YOUR ASSIGNMENT => From the first line of the material to the line containing "various display options.", inclusive, write out each line exactly, leaving out the pictures.

--------------------------------------------------

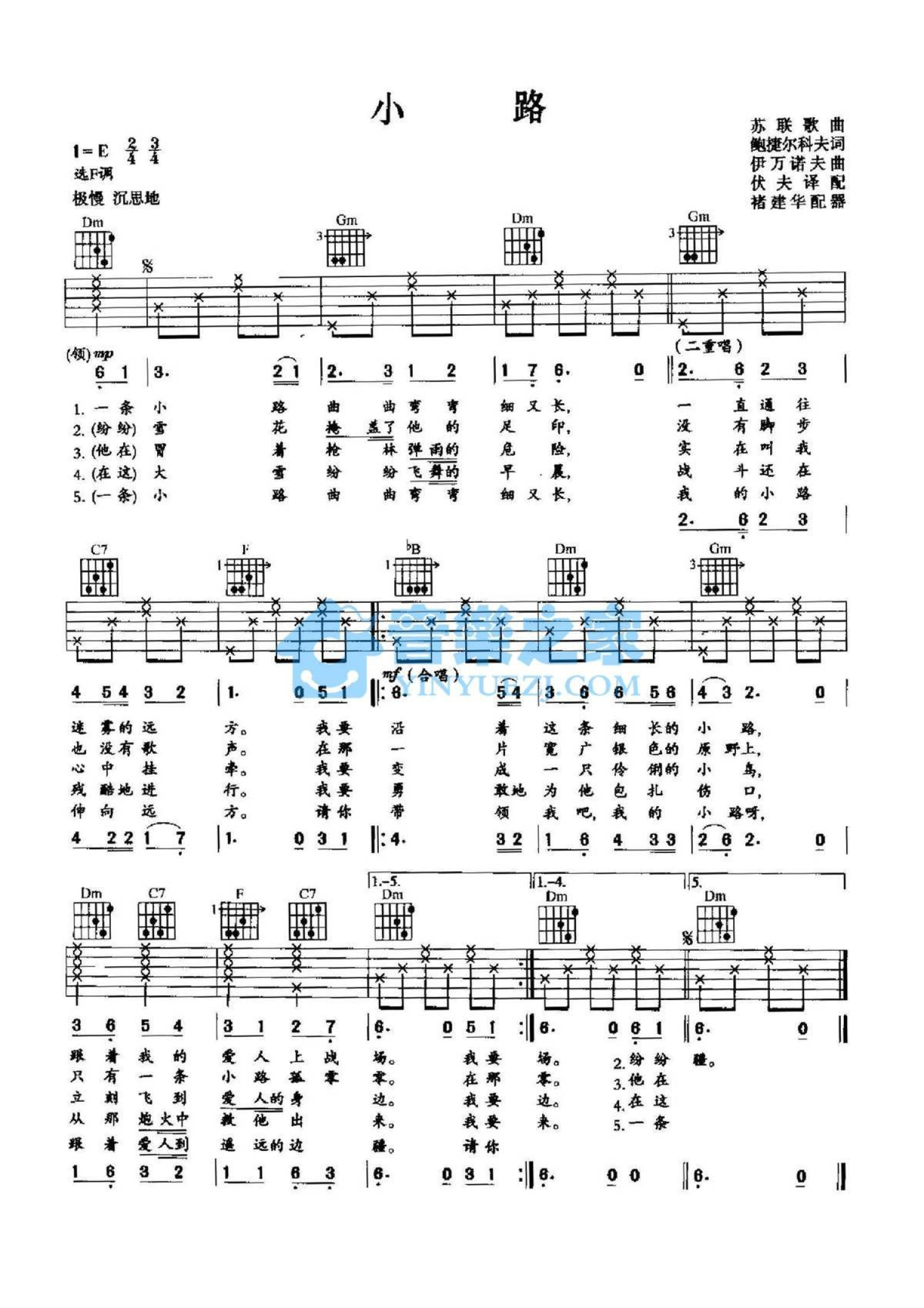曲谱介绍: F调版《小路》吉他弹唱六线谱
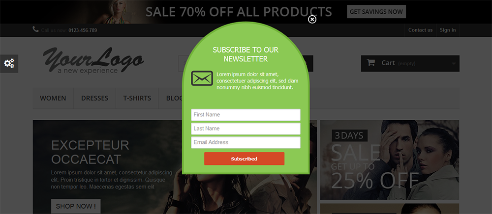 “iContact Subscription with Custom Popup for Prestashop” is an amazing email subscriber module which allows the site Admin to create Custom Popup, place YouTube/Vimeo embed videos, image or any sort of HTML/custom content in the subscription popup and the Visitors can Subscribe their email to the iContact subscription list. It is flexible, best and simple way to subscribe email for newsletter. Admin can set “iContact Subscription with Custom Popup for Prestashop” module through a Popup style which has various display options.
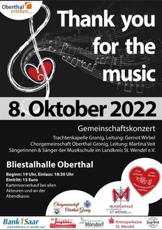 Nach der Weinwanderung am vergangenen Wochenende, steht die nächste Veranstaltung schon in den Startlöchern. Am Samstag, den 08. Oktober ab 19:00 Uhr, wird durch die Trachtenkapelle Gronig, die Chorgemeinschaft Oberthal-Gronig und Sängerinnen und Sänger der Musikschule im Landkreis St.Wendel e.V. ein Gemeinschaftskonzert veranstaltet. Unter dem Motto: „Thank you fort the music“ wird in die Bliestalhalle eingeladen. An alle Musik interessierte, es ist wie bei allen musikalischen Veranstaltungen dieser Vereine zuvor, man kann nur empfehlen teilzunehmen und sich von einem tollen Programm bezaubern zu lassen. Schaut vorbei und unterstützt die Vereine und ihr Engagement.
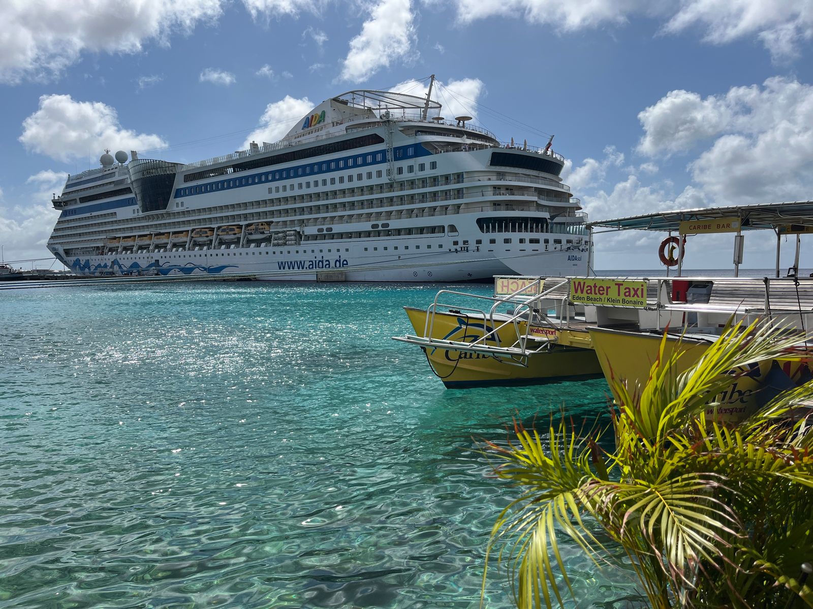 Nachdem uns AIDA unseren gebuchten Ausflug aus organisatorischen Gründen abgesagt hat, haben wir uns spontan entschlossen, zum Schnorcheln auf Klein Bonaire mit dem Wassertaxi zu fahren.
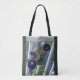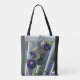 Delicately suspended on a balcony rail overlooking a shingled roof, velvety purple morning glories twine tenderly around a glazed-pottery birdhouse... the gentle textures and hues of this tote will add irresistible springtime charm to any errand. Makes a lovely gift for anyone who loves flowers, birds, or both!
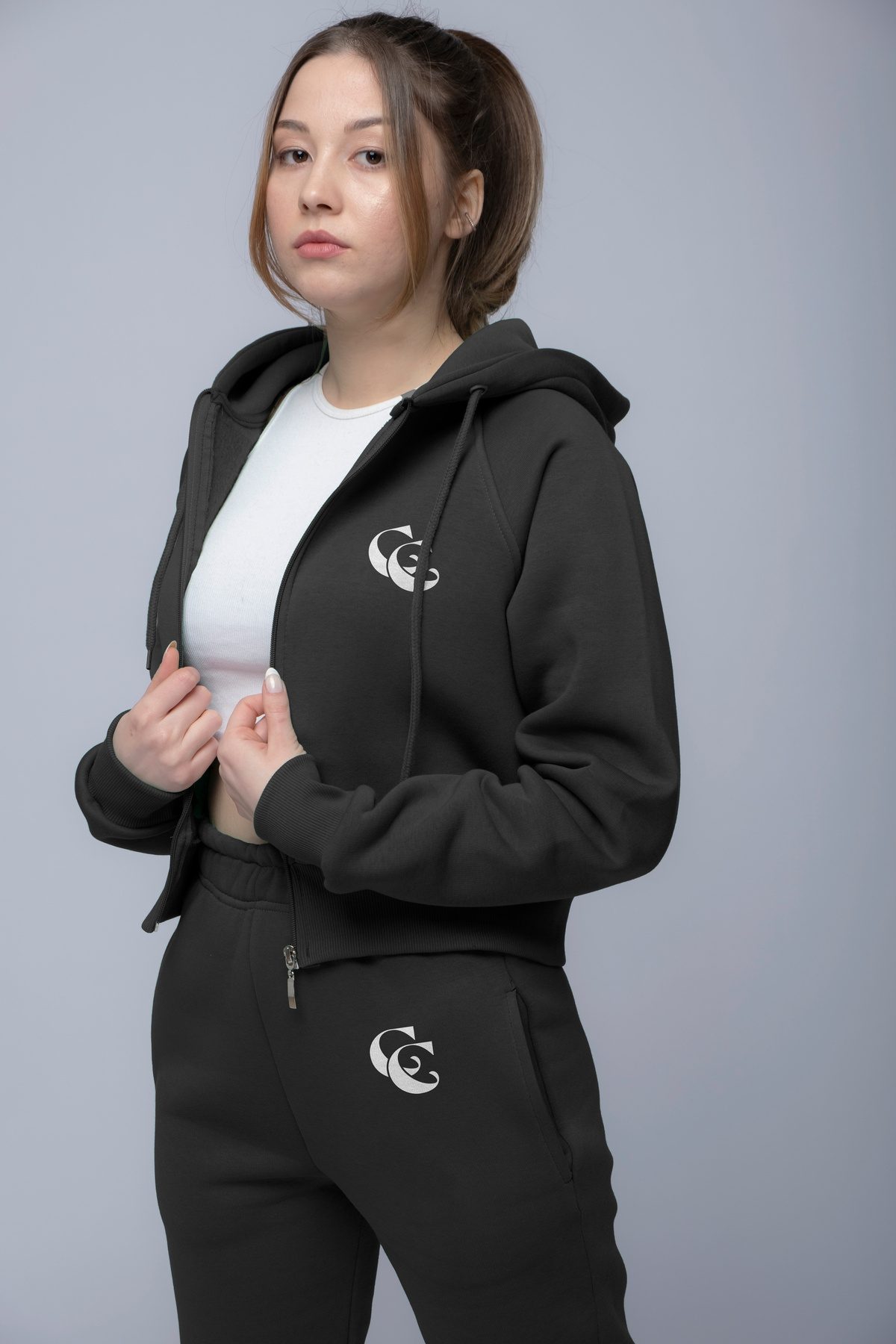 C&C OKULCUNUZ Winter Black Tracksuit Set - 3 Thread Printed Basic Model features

--------------------------------------------------

RESPONSE BELOW =>
曲谱介绍: F调版《小路》吉他弹唱六线谱
 “iContact Subscription with Custom Popup for Prestashop” is an amazing email subscriber module which allows the site Admin to create Custom Popup, place YouTube/Vimeo embed videos, image or any sort of HTML/custom content in the subscription popup and the Visitors can Subscribe their email to the iContact subscription list. It is flexible, best and simple way to subscribe email for newsletter. Admin can set “iContact Subscription with Custom Popup for Prestashop” module through a Popup style which has various display options.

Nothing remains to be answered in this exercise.